++++ Records supplied
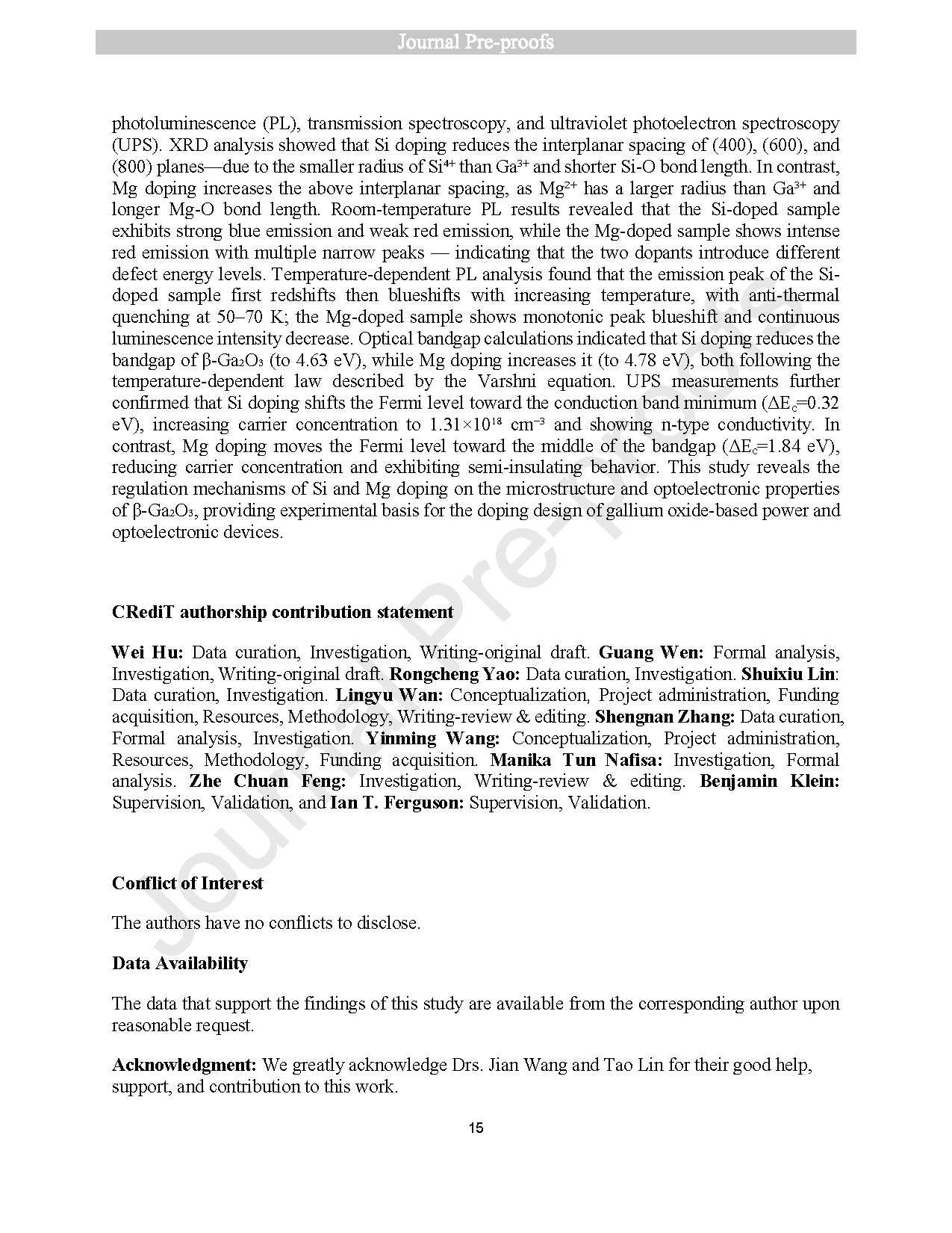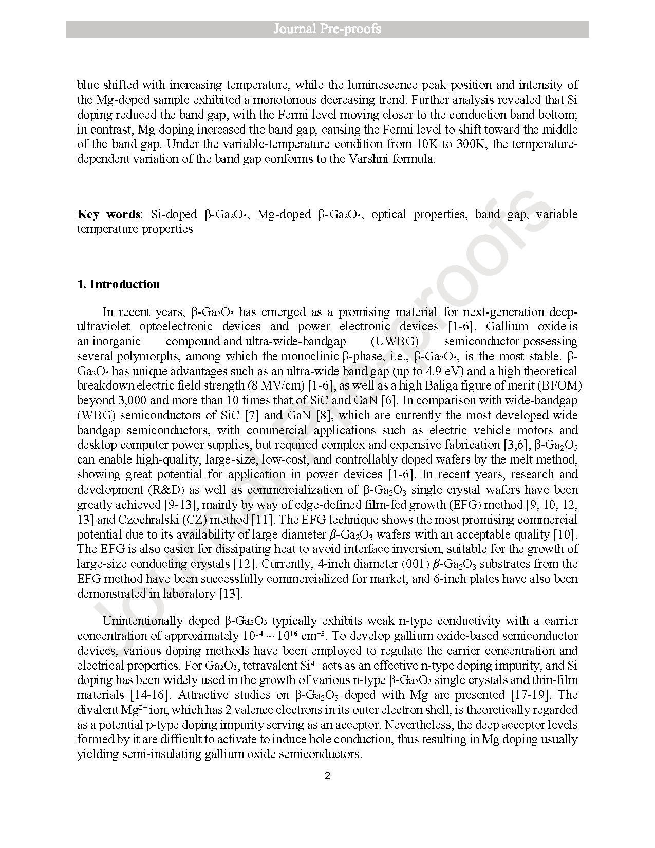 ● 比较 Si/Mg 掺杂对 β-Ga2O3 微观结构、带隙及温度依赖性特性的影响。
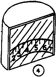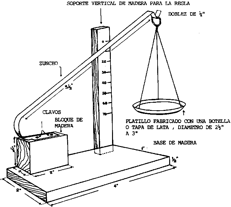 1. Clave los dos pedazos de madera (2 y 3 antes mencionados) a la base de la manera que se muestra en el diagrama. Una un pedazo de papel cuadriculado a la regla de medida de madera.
++++++++
++++ Records supplied
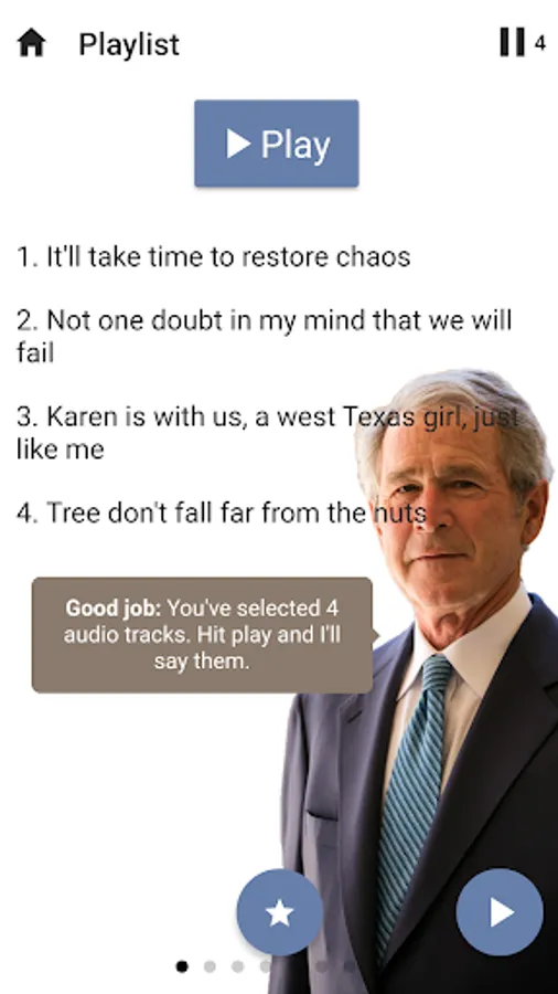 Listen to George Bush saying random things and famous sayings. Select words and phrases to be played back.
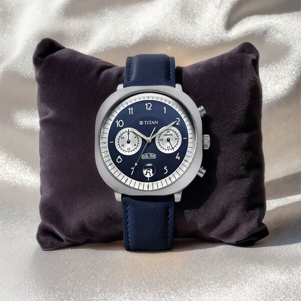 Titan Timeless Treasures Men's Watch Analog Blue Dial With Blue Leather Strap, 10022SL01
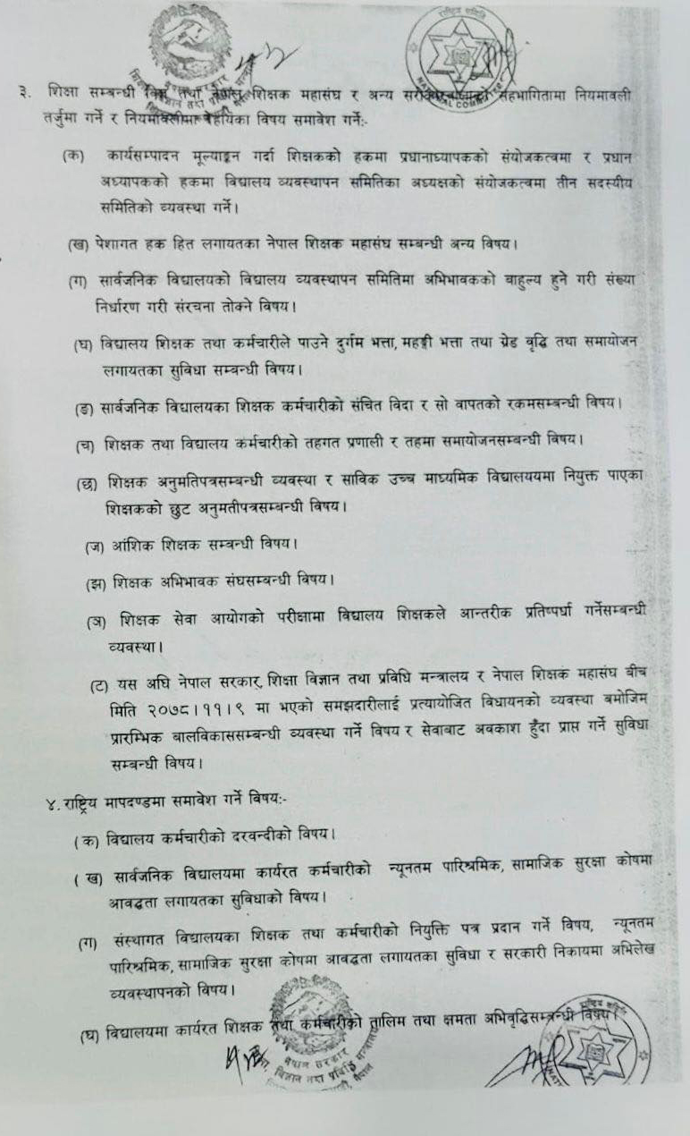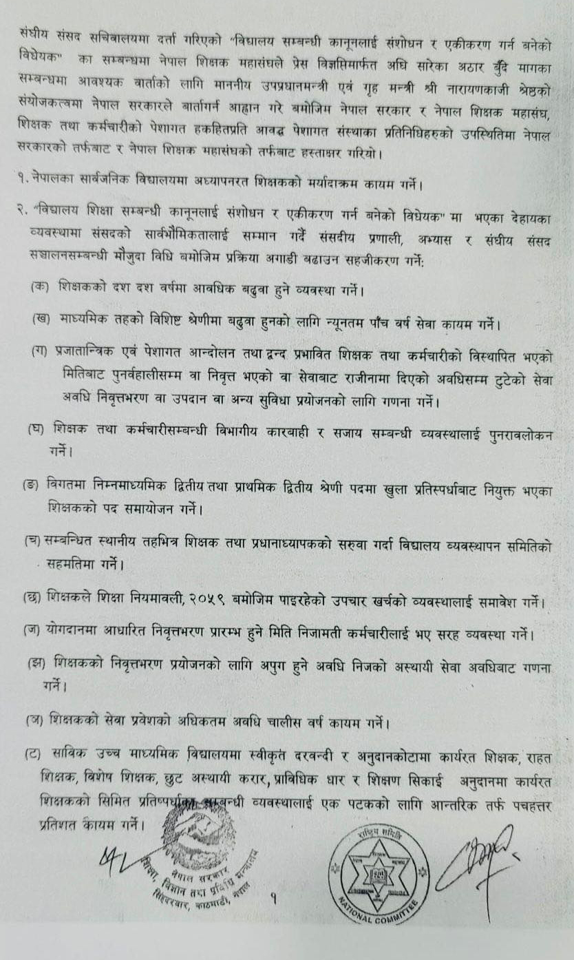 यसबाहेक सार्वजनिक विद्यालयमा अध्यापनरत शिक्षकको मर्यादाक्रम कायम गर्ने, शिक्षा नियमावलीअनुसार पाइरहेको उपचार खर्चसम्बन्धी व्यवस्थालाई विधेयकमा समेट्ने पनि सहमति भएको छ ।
++++++++
++++ Records supplied
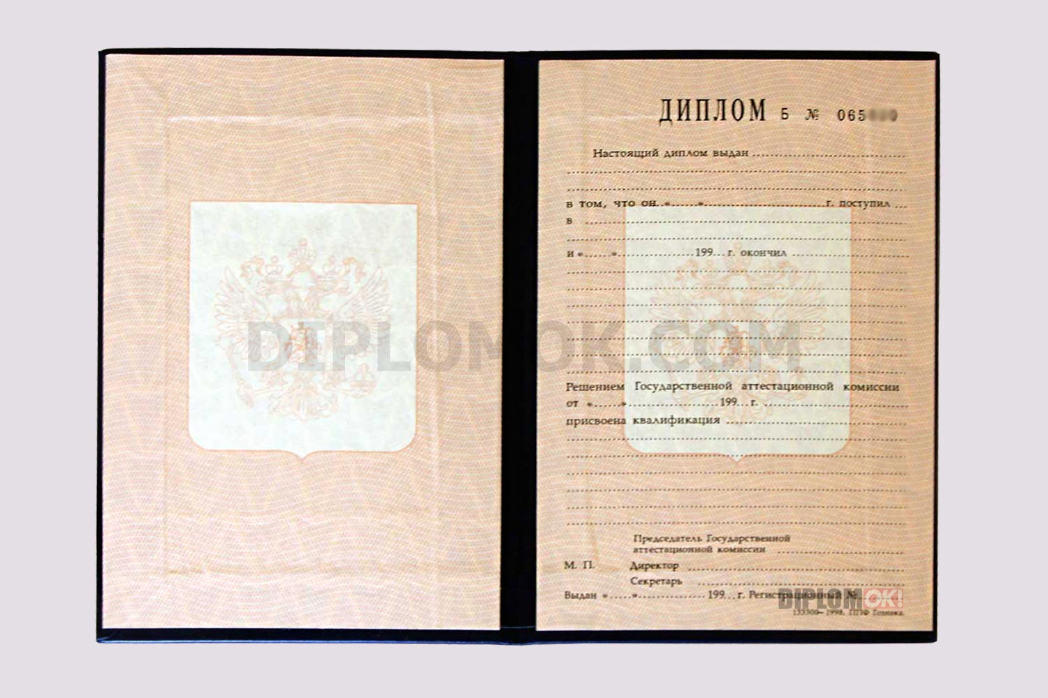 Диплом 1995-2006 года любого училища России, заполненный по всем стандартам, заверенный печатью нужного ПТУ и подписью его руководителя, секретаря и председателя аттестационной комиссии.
++++++++
| What you have to do |
Everything from the line with "掺杂对 β-Ga2O3 微观结构、带隙及温度依赖性特性的影响。" down to the line with "1. Clave los" in the data above should be copied exactly, with both end lines kept and the pictures left out.

| Solution to the problem |
 ● 比较 Si/Mg 掺杂对 β-Ga2O3 微观结构、带隙及温度依赖性特性的影响。
 1. Clave los dos pedazos de madera (2 y 3 antes mencionados) a la base de la manera que se muestra en el diagrama. Una un pedazo de papel cuadriculado a la regla de medida de madera.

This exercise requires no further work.